And a tanuki was . . . a tanuki. Still, it was not a healthy environment in which to raise an impressionable child. Especially, perhaps, when that child, herself, had tanuki blood in her veins.

  Upon Miho’s previous exodus, as she’d been packing to leave the temple, the abbot had come to her room to bid her farewell. His gaze was pellucid, his nod curt. “Remember this,” he said. “It is what it is, you are what you it, and there are no mistakes.”

  She wasn’t sure what his words meant. She wasn’t sure they meant anything at all. Maybe they were just another of those cryptic Zen ploys designed to slip a silver bridle onto the wild horse of the mind. In any case, the words gave her a sort of solace, a strange sense of elasticity and liveliness as she picked her way around rock piles and descended slippery slopes, and she whispered them to herself for the sheer tingle of hearing them spoken.

  “It is what it is.”

  “You are what you it.”

  “There are no mistakes.”

  A kind of boil was forming around the seed in the roof of Kazu’s mouth.
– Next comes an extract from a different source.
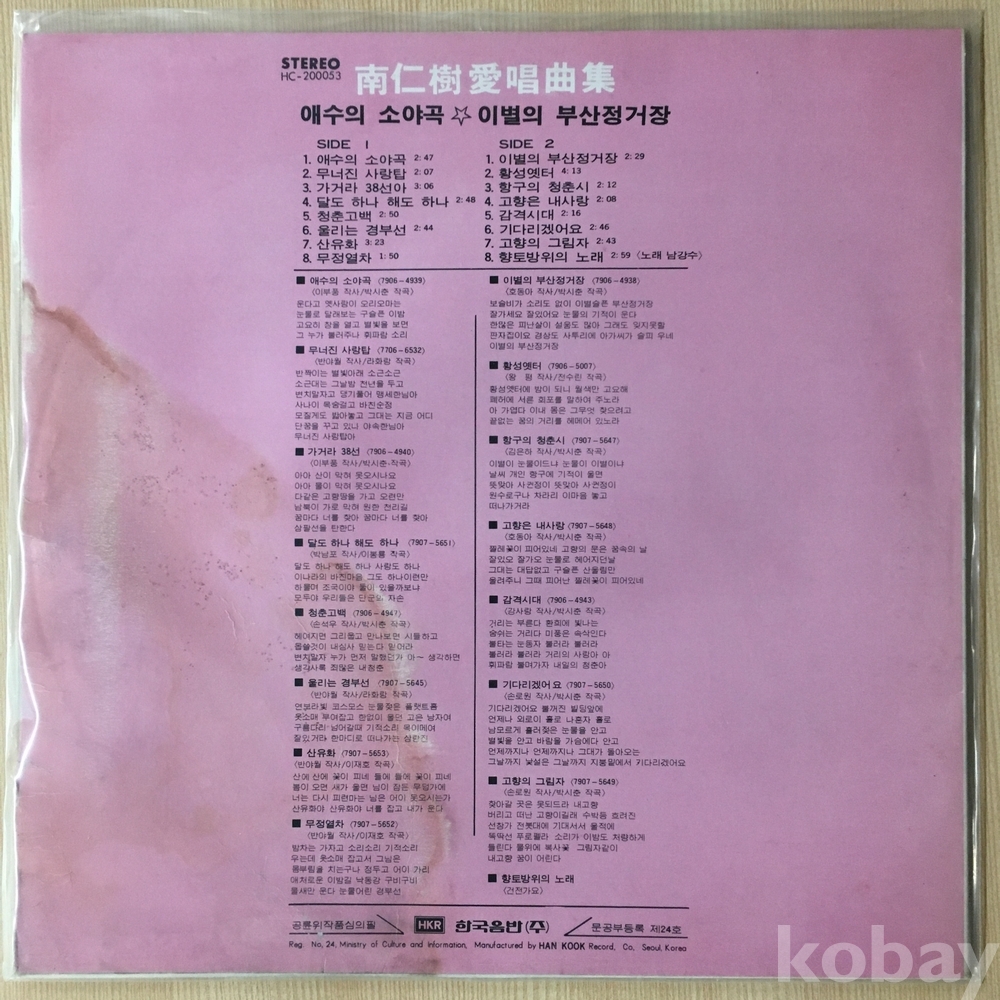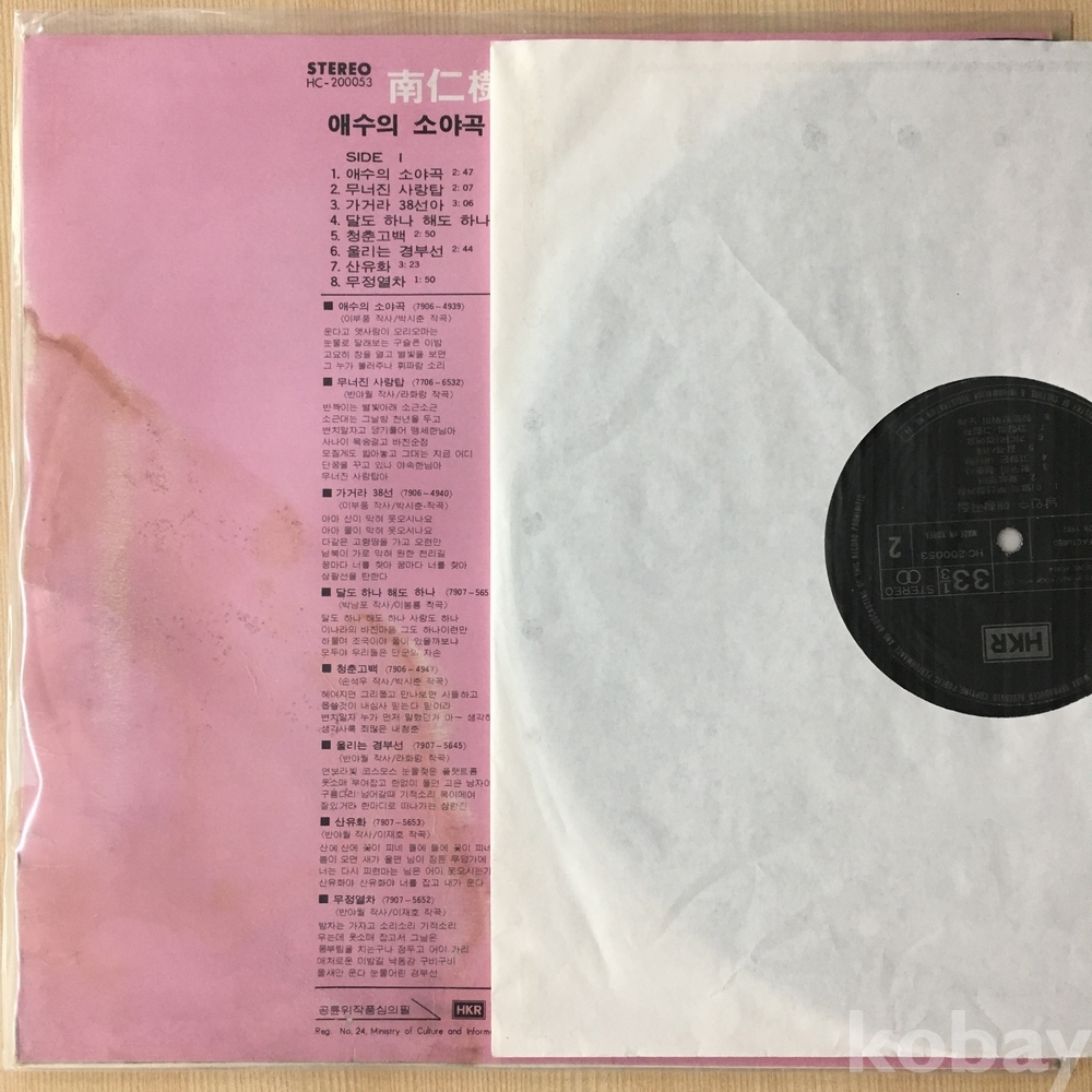 . 가요음반 대부분은 휘어짐이나 손상을 방지하기 위해 무지싱글자킷을 하나 더 사용하여 보관되었던 음반들입니다.

Honoring her promise, she didn’t touch it, not even with tongue tip. But from time to time, the soreness caused her to whimper. Believing the child’s discomfort the result of sleepiness and confinement in the basket, Miho cooed soothing words to her. She jostled her as little as possible. She sang her a low lullaby.

  Thus, mother and daughter went on through the night. No rest. No regrets. They just pushed onward, onward toward whatever lay in store. At one point, however, Miho came to a complete and sudden stop. From somewhere above them, far up the mountainside, she and Kazu—who had just as abruptly ceased fretting—heard a familiar sound, a faint rhythmic echo of some terrible unnamed and untamed joy.

  Pla-bonga. Pla-bonga. Pla-bonga.

  PART II

  She was the kind of woman who thought that the changing of the seasons was cute.

  Her sister, if anything, was even worse. She thought that clowns were sexy.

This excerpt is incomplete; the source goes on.